#### Task requirements:
Reproduce only the lines below from the line containing "Pillar candles are" to the line containing "胆汁浓度/血药浓度比值(%)d | AUC(μg·h/mL)e |", exactly as written, with both end lines kept. Omit the pictures.

#### Listed entries:
------------------------------------------------

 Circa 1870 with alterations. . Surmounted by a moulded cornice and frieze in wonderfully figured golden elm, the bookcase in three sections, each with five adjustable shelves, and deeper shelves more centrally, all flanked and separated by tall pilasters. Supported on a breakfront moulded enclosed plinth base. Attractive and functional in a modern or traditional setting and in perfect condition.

------------------------------------------------

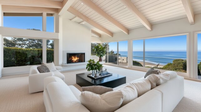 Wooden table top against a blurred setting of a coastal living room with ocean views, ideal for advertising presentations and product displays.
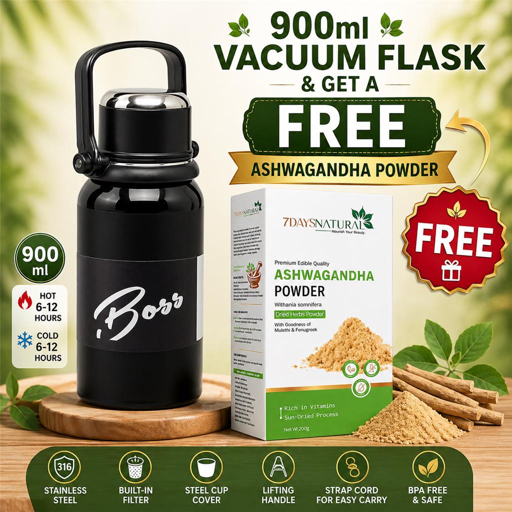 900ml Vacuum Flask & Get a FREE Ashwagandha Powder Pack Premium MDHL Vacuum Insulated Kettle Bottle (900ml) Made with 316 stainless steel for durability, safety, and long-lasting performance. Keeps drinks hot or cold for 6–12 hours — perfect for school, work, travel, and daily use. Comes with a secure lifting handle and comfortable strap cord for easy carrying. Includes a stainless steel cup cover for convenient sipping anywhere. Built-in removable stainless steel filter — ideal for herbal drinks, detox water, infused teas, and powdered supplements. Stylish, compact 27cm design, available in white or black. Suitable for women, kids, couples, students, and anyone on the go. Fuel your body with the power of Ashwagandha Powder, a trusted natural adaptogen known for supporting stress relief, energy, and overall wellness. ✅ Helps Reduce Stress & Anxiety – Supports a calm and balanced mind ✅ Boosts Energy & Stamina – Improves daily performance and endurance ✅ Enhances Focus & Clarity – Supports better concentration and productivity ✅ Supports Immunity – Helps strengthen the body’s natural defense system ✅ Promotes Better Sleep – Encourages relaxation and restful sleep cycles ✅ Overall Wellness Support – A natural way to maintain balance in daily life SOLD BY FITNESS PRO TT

------------------------------------------------

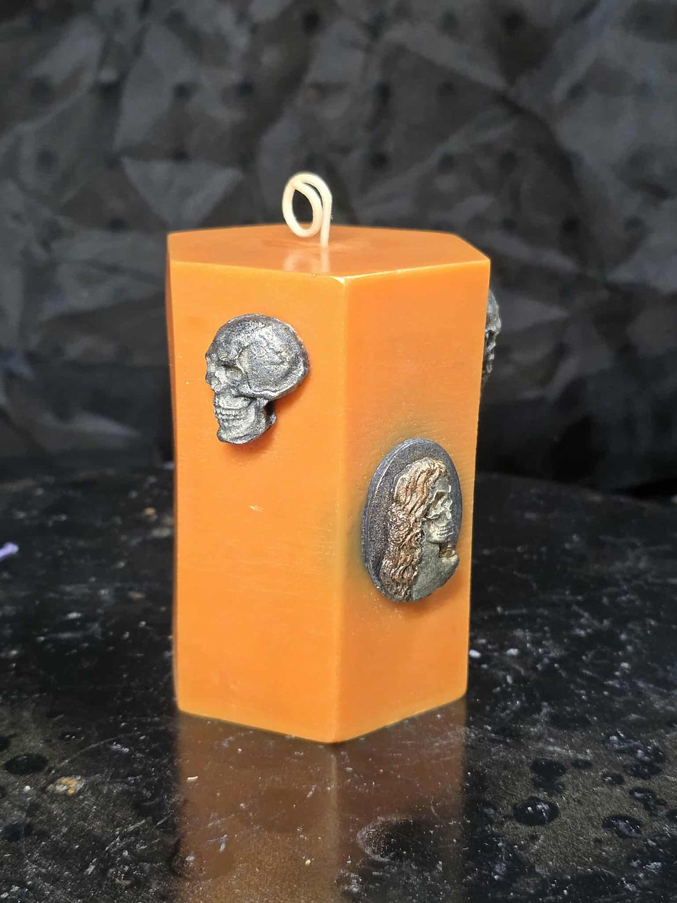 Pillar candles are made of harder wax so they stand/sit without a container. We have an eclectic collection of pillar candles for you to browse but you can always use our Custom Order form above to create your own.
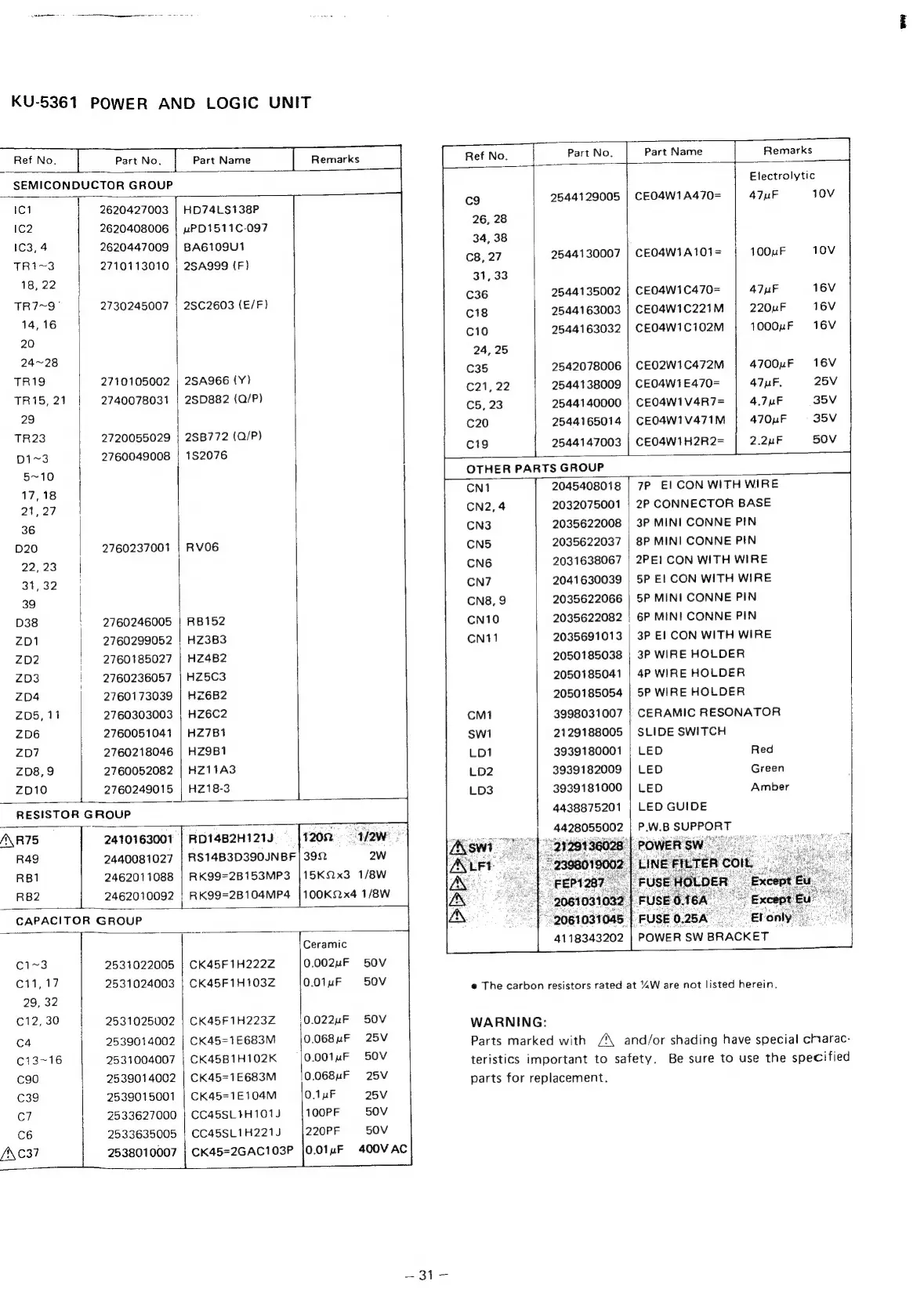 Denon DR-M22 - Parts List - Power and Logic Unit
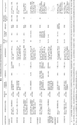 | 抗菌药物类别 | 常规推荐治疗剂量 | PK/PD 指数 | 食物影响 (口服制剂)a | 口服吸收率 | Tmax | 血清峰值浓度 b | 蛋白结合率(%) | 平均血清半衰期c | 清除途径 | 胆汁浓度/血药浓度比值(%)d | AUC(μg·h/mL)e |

------------------------------------------------

#### Solution to this task:
 Pillar candles are made of harder wax so they stand/sit without a container. We have an eclectic collection of pillar candles for you to browse but you can always use our Custom Order form above to create your own.
 Denon DR-M22 - Parts List - Power and Logic Unit
 | 抗菌药物类别 | 常规推荐治疗剂量 | PK/PD 指数 | 食物影响 (口服制剂)a | 口服吸收率 | Tmax | 血清峰值浓度 b | 蛋白结合率(%) | 平均血清半衰期c | 清除途径 | 胆汁浓度/血药浓度比值(%)d | AUC(μg·h/mL)e |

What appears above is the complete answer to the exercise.